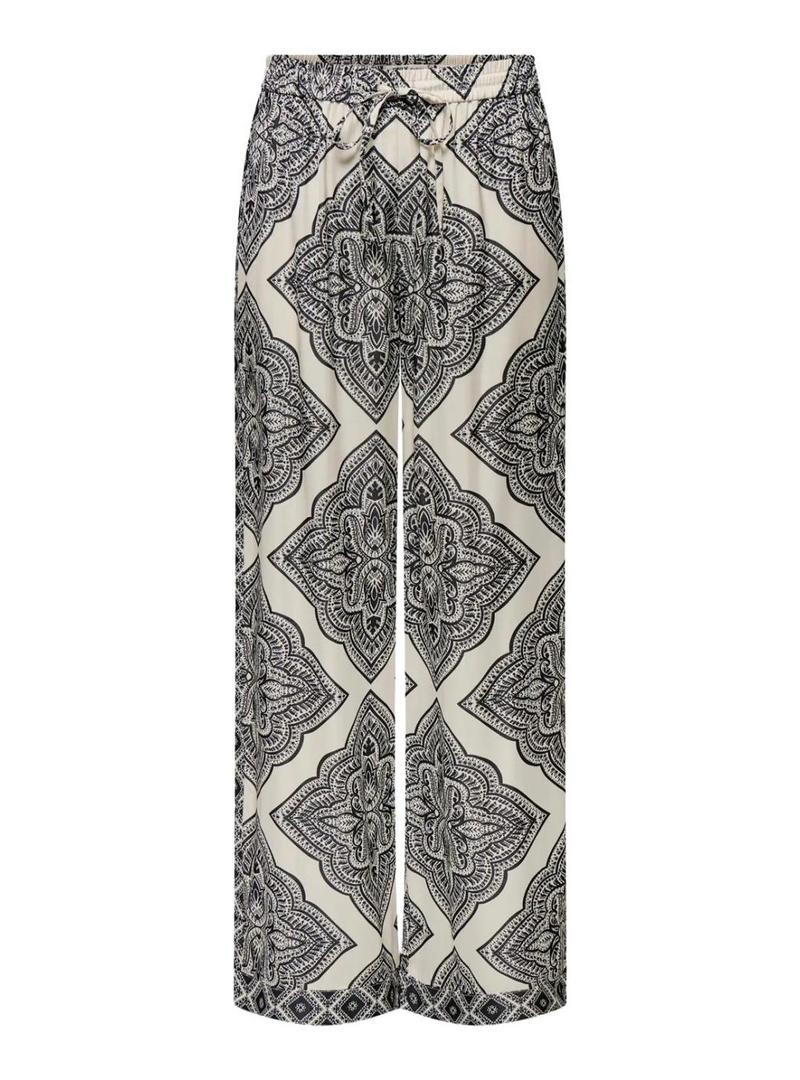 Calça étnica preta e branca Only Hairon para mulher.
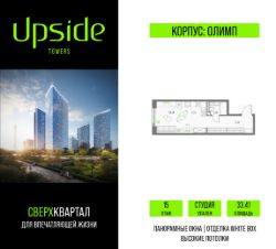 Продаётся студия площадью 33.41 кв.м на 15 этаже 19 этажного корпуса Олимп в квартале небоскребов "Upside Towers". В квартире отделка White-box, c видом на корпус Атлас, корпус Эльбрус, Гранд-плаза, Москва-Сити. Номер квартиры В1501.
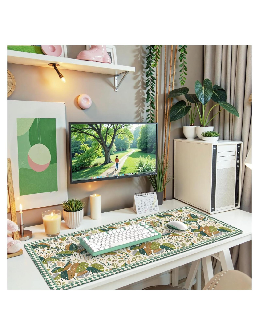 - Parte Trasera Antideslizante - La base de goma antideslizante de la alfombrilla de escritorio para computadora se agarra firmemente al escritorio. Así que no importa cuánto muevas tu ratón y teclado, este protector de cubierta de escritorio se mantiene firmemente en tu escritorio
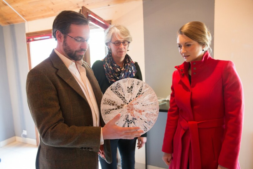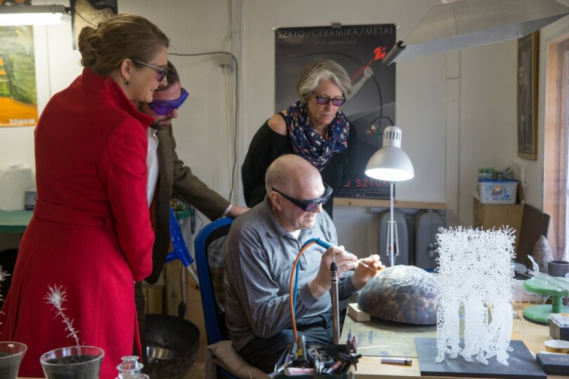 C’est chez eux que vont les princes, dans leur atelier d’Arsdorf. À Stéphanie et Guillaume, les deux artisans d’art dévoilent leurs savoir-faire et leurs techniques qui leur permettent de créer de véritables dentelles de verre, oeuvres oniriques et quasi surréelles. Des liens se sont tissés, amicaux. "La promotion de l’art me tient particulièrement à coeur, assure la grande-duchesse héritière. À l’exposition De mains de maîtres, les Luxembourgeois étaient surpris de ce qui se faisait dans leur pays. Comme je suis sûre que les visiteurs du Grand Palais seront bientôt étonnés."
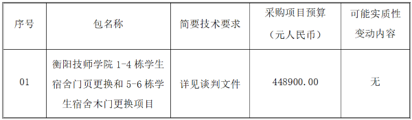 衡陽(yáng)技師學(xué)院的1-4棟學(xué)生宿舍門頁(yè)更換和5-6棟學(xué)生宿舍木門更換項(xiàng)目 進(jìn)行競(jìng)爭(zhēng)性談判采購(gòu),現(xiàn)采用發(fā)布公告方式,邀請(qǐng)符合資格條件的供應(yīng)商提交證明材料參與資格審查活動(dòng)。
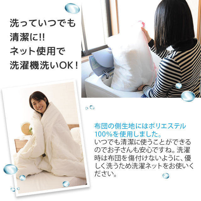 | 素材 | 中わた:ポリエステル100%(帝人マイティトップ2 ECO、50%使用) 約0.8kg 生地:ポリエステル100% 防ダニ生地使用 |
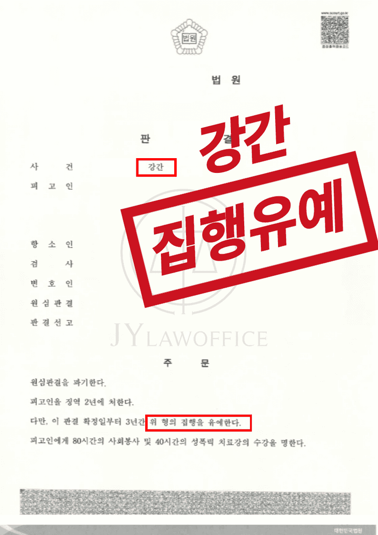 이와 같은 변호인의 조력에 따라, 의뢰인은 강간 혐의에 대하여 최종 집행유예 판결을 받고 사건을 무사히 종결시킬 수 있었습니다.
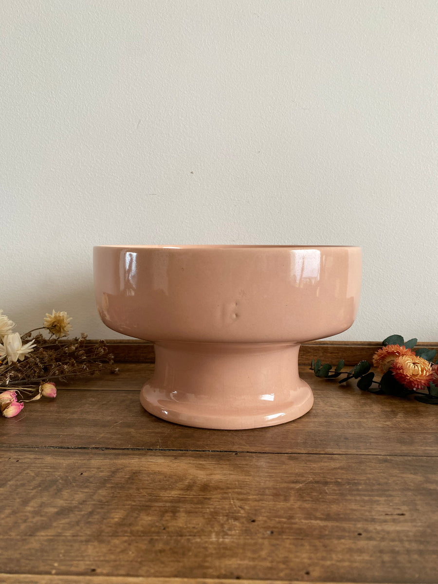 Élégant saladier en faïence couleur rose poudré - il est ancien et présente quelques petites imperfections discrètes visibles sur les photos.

━━━━

**ASSIGNMENT:**
Reproduce nothing but the lines that run from the line containing "生地:ポリエステル100% 防ダニ生地使用 |" through the last line of the records, inclusive. Omit the pictures.

**SOLUTION TO THIS PROBLEM:**
 | 素材 | 中わた:ポリエステル100%(帝人マイティトップ2 ECO、50%使用) 約0.8kg 生地:ポリエステル100% 防ダニ生地使用 |
 이와 같은 변호인의 조력에 따라, 의뢰인은 강간 혐의에 대하여 최종 집행유예 판결을 받고 사건을 무사히 종결시킬 수 있었습니다.
 Élégant saladier en faïence couleur rose poudré - il est ancien et présente quelques petites imperfections discrètes visibles sur les photos.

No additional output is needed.